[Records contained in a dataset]
════════════════════

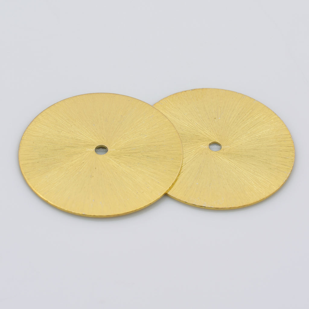 If you are looking for a piece that won't detract from your work, but still adds character, this is it, 24k gold plated 32mm flat disc spacers. With its gold plating, you can use almost any color bead in your collection and receive beautiful results. Try it as the finishing touch in your next jewelry design. Give your designs a sleek and stunning finish with this. GRAB THEM NOW...!!!!
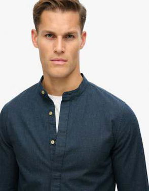 The Merchant Store - Indigo Grandad Shirt In Indigo Micro Texture
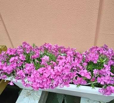 昨年、芝桜を3株長プランターに植えました。冬にはすっかり影を潜め、諦めておりました。ところが季節が変わるごと、少しづつ小さな芽が出てきました。そしてこのような立派な苗に育ち大満足しました。先日1日半も長いこと雨が降りました。せっかくいっぱいのお花が咲いているサフイニアレッドを長雨に当てるのは心配なのでビニールを被せました。雨に充てるよりはお花の被害が少なく済んで安心しました。サフニアブーケのお花が咲き進んできました。種まきが少し遅かったのです。まだこのように小さいです。
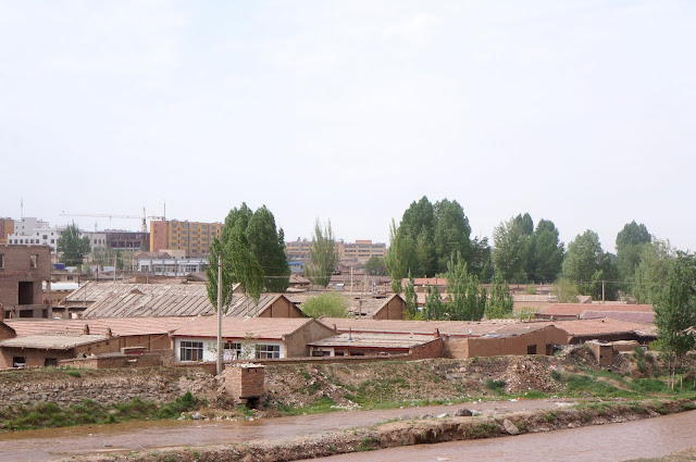 好不容易接近到一個叫做黃羊的地方路,面才又緩轉些。雖說是個鎮,但所經之處房子不是很多,有些說是房子但更像是廢墟,路邊盡是沙子、土地,整個就像電影中美國牛仔站在西部大街的場景一樣。在大陸,國道通常只會經過城市的邊緣,大西北這邊相對發展沒有東部熱絡,若想要找食宿就必須往更市中心走才行。聽了幾位路上大叔的指示,上了一座翻越鐵路的橋之後,進入眼簾的新市鎮宇我們近來所看到的真是天壤之別!
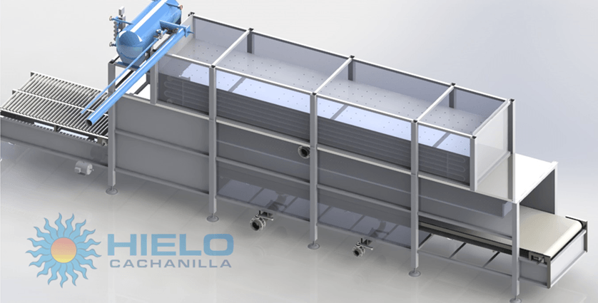 La banda mueve el producto a una velocidad determinada por las propiedades termicas del alimento asi como la temperatura del agua y el alimento. El gásto de agua es mínimo, pues se recircula el agua que absorbió previamente el calor y se reenfría para eficientizar el sistema de refrigeración.
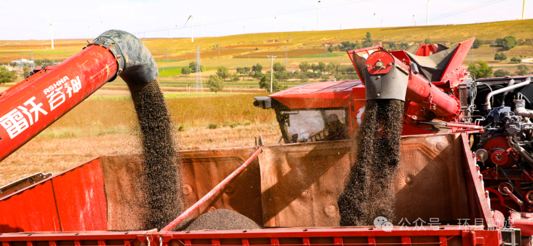 在南湫鄉(xiāng)代家洼村的萬(wàn)畝蕎麥?zhǔn)痉饵c(diǎn),曾經(jīng)絢爛的花海已褪去盛裝,飽滿的穗粒綴滿枝頭,將田壟暈染成一片淺褐。微風(fēng)拂過(guò),沉甸甸的蕎麥穗搖曳生姿,新糧的清醇香氣在田間彌漫。3臺(tái)大型聯(lián)合收割機(jī)開足馬力、來(lái)回穿梭,精準(zhǔn)地將一行行飽滿的蕎麥“吞”入腹中。粉碎后的秸稈被均勻拋灑還田,為土地積蓄著來(lái)年的養(yǎng)分;地頭上,脫干凈的蕎麥籽如金色瀑布般傾瀉進(jìn)運(yùn)糧車,瞬間堆起小小的糧山。
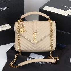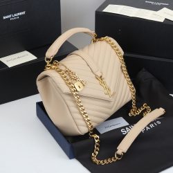 Saint Laurent College Medium Chain Bag In Quilted Leather Beige 24Cm 600279Brm072721
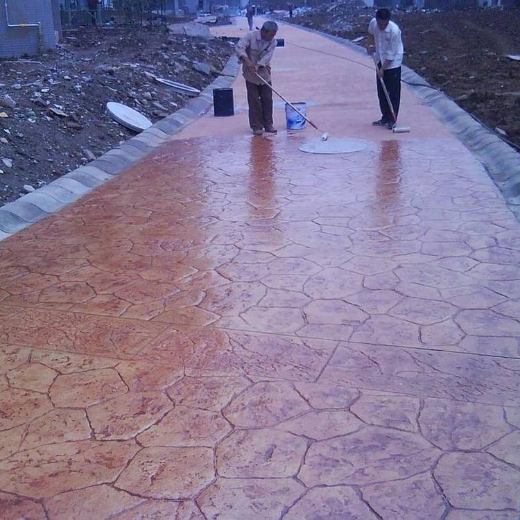 7、理論上對藝術(shù)地坪封閉2-3天后進(jìn)行沖洗,正常情況下為了防止新造路面被污染,工程全部紋理壓印完成后統(tǒng)一進(jìn)行沖洗。沖洗時(shí)不必將脫模粉全部沖洗干凈,應(yīng)留有10%左右的脫模粉顏色,這樣的藝術(shù)地面就會有效果很好的漸變效果。
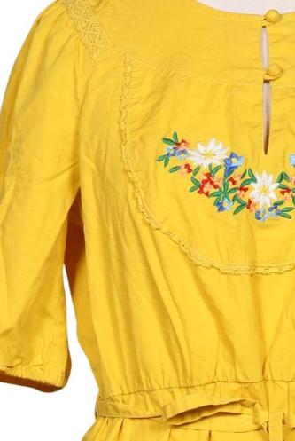 | Details | Stickerei, Kurzarm, Bindegürtel, Rundhals, Front Knopfleiste, Floral |
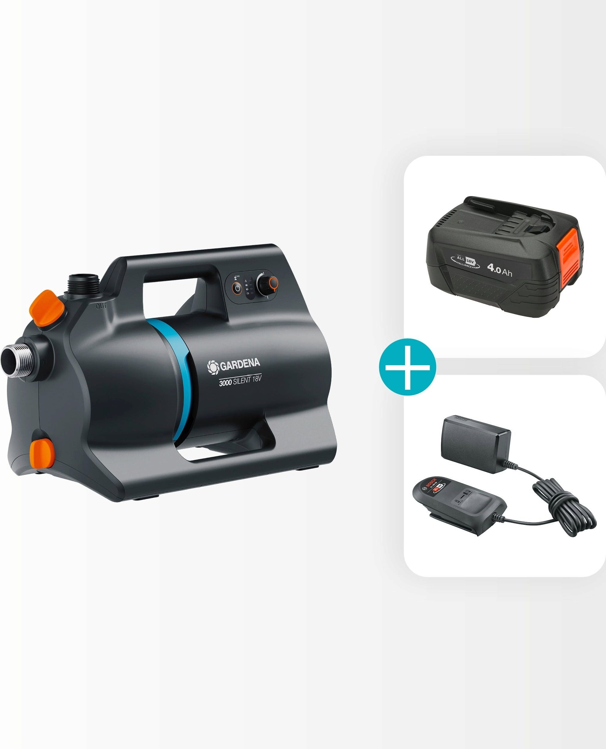 GARDENA Akumulatorska vrtna črpalka 3000 Silent 18V P4A Ready-To-Use Set
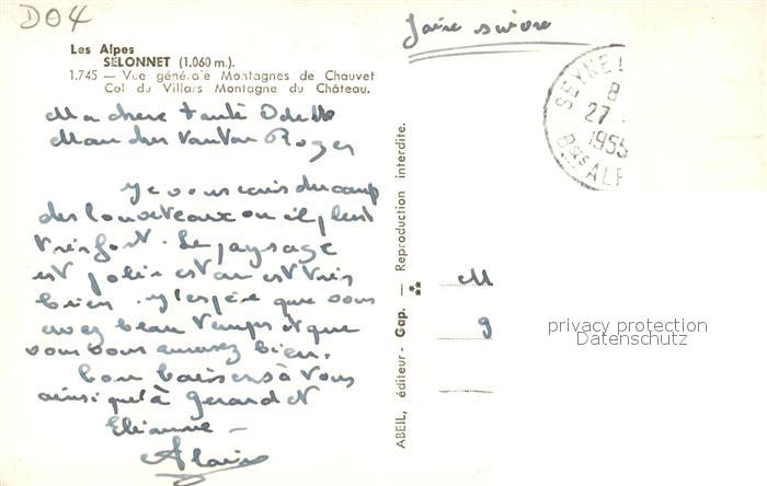 13563626 Selonnet Vue Generale Montagnes de Chauvet Col du Villars Montagne du Chateau KatCode 11170004304203
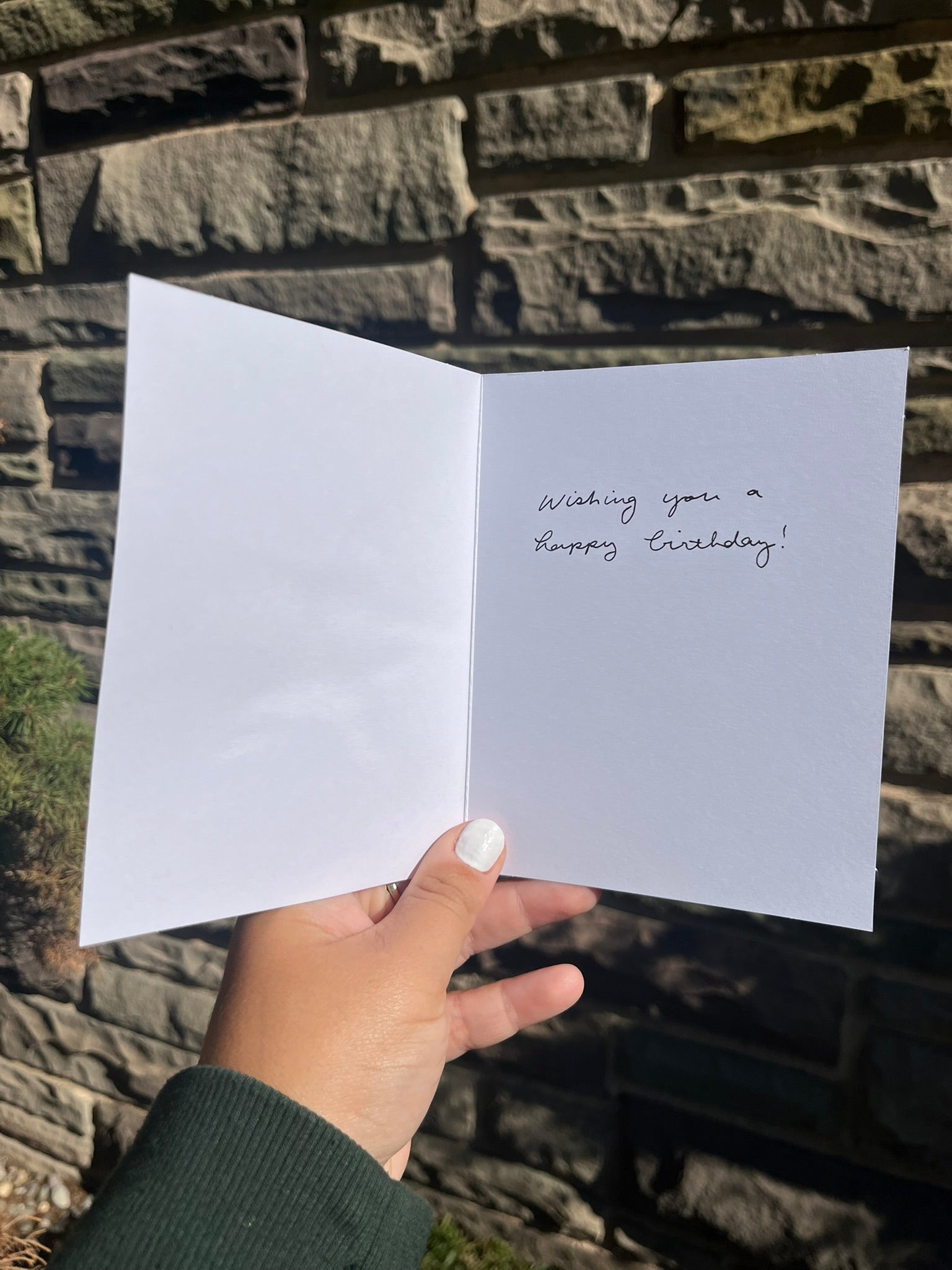 "Wishing you a happy birthday!" inside card and coordinating envelope, able to be sent via USPS with one stamp.
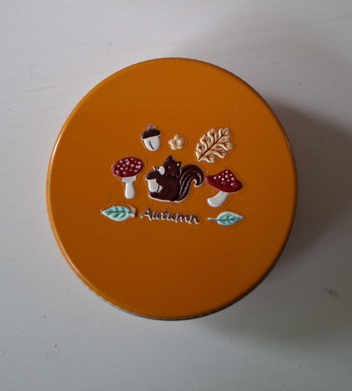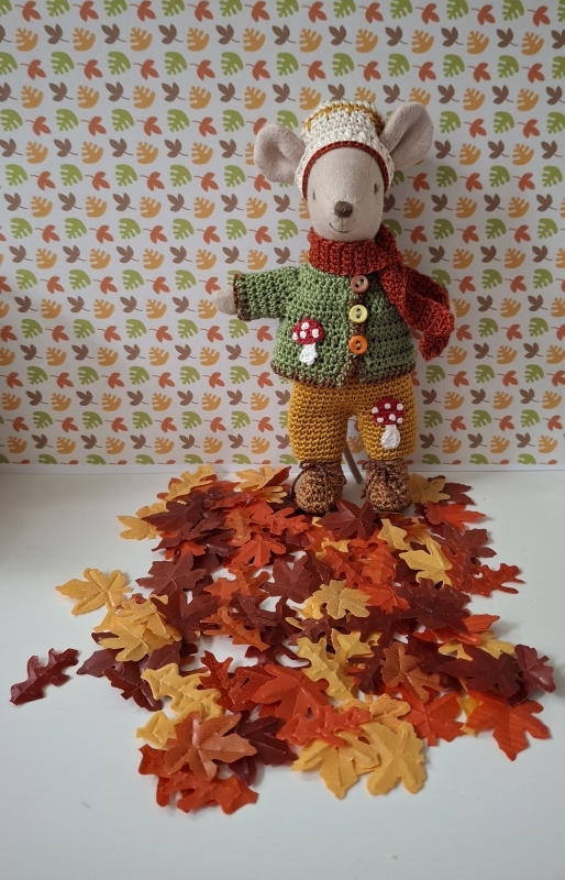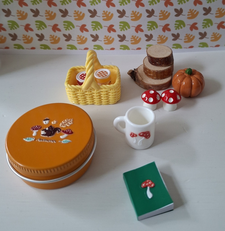 A sweet collection of items for a (Maileg) dollhouse. A basket, two mushrooms, a pumpkin (all made of resin), three real wooden tree slices, a mug, a booklet (with real pages), two jam jars, an autumn cookie tin with cookies, and plenty of fallen leaves to create a little autumnal atmosphere!
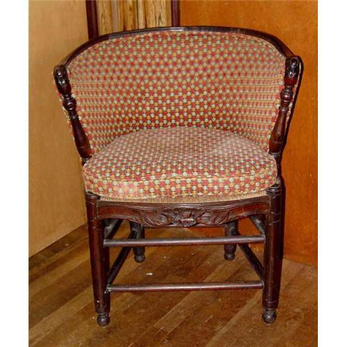 19th century mahogany upholstered Continental Rococo style round back armchair with a rush-wicker seat joined with wooden peg joining instead of metal nails (see arrow in last image). This rare and unseal armchair has its original opulent reddish-brown patina finish, is very sturdy and quite comfortable and would make a splendid addition to any fine household or collection. ****NOTE: Email for larger images.
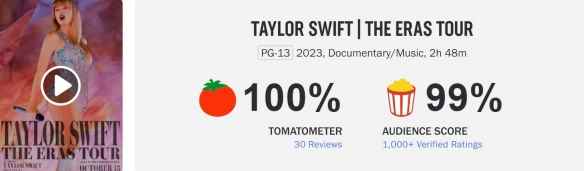 “泰勒·斯威夫特:时代巡回演唱会”是2023年全球门票销售最火爆的演唱会,在北美开了69场,可谓一票难求,很多买不到演唱会票的观众选择去影院体验。
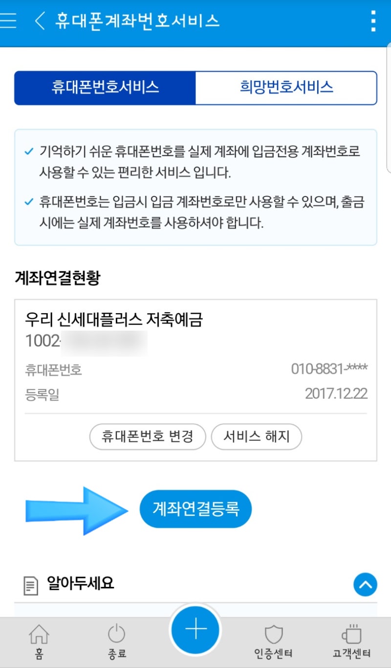 화살표 방향에 계좌 연결 등록을 클릭

════════════════════

> What you will do: In the copy, include every line of the records exactly and none of the images.

> Response for this exercise:
 If you are looking for a piece that won't detract from your work, but still adds character, this is it, 24k gold plated 32mm flat disc spacers. With its gold plating, you can use almost any color bead in your collection and receive beautiful results. Try it as the finishing touch in your next jewelry design. Give your designs a sleek and stunning finish with this. GRAB THEM NOW...!!!!
 The Merchant Store - Indigo Grandad Shirt In Indigo Micro Texture
 昨年、芝桜を3株長プランターに植えました。冬にはすっかり影を潜め、諦めておりました。ところが季節が変わるごと、少しづつ小さな芽が出てきました。そしてこのような立派な苗に育ち大満足しました。先日1日半も長いこと雨が降りました。せっかくいっぱいのお花が咲いているサフイニアレッドを長雨に当てるのは心配なのでビニールを被せました。雨に充てるよりはお花の被害が少なく済んで安心しました。サフニアブーケのお花が咲き進んできました。種まきが少し遅かったのです。まだこのように小さいです。
 好不容易接近到一個叫做黃羊的地方路,面才又緩轉些。雖說是個鎮,但所經之處房子不是很多,有些說是房子但更像是廢墟,路邊盡是沙子、土地,整個就像電影中美國牛仔站在西部大街的場景一樣。在大陸,國道通常只會經過城市的邊緣,大西北這邊相對發展沒有東部熱絡,若想要找食宿就必須往更市中心走才行。聽了幾位路上大叔的指示,上了一座翻越鐵路的橋之後,進入眼簾的新市鎮宇我們近來所看到的真是天壤之別!
 La banda mueve el producto a una velocidad determinada por las propiedades termicas del alimento asi como la temperatura del agua y el alimento. El gásto de agua es mínimo, pues se recircula el agua que absorbió previamente el calor y se reenfría para eficientizar el sistema de refrigeración.
 在南湫鄉(xiāng)代家洼村的萬(wàn)畝蕎麥?zhǔn)痉饵c(diǎn),曾經(jīng)絢爛的花海已褪去盛裝,飽滿的穗粒綴滿枝頭,將田壟暈染成一片淺褐。微風(fēng)拂過(guò),沉甸甸的蕎麥穗搖曳生姿,新糧的清醇香氣在田間彌漫。3臺(tái)大型聯(lián)合收割機(jī)開足馬力、來(lái)回穿梭,精準(zhǔn)地將一行行飽滿的蕎麥“吞”入腹中。粉碎后的秸稈被均勻拋灑還田,為土地積蓄著來(lái)年的養(yǎng)分;地頭上,脫干凈的蕎麥籽如金色瀑布般傾瀉進(jìn)運(yùn)糧車,瞬間堆起小小的糧山。
 Saint Laurent College Medium Chain Bag In Quilted Leather Beige 24Cm 600279Brm072721
 7、理論上對藝術(shù)地坪封閉2-3天后進(jìn)行沖洗,正常情況下為了防止新造路面被污染,工程全部紋理壓印完成后統(tǒng)一進(jìn)行沖洗。沖洗時(shí)不必將脫模粉全部沖洗干凈,應(yīng)留有10%左右的脫模粉顏色,這樣的藝術(shù)地面就會有效果很好的漸變效果。
 | Details | Stickerei, Kurzarm, Bindegürtel, Rundhals, Front Knopfleiste, Floral |
 GARDENA Akumulatorska vrtna črpalka 3000 Silent 18V P4A Ready-To-Use Set
 13563626 Selonnet Vue Generale Montagnes de Chauvet Col du Villars Montagne du Chateau KatCode 11170004304203
 "Wishing you a happy birthday!" inside card and coordinating envelope, able to be sent via USPS with one stamp.
 A sweet collection of items for a (Maileg) dollhouse. A basket, two mushrooms, a pumpkin (all made of resin), three real wooden tree slices, a mug, a booklet (with real pages), two jam jars, an autumn cookie tin with cookies, and plenty of fallen leaves to create a little autumnal atmosphere!
 19th century mahogany upholstered Continental Rococo style round back armchair with a rush-wicker seat joined with wooden peg joining instead of metal nails (see arrow in last image). This rare and unseal armchair has its original opulent reddish-brown patina finish, is very sturdy and quite comfortable and would make a splendid addition to any fine household or collection. ****NOTE: Email for larger images.
 “泰勒·斯威夫特:时代巡回演唱会”是2023年全球门票销售最火爆的演唱会,在北美开了69场,可谓一票难求,很多买不到演唱会票的观众选择去影院体验。
 화살표 방향에 계좌 연결 등록을 클릭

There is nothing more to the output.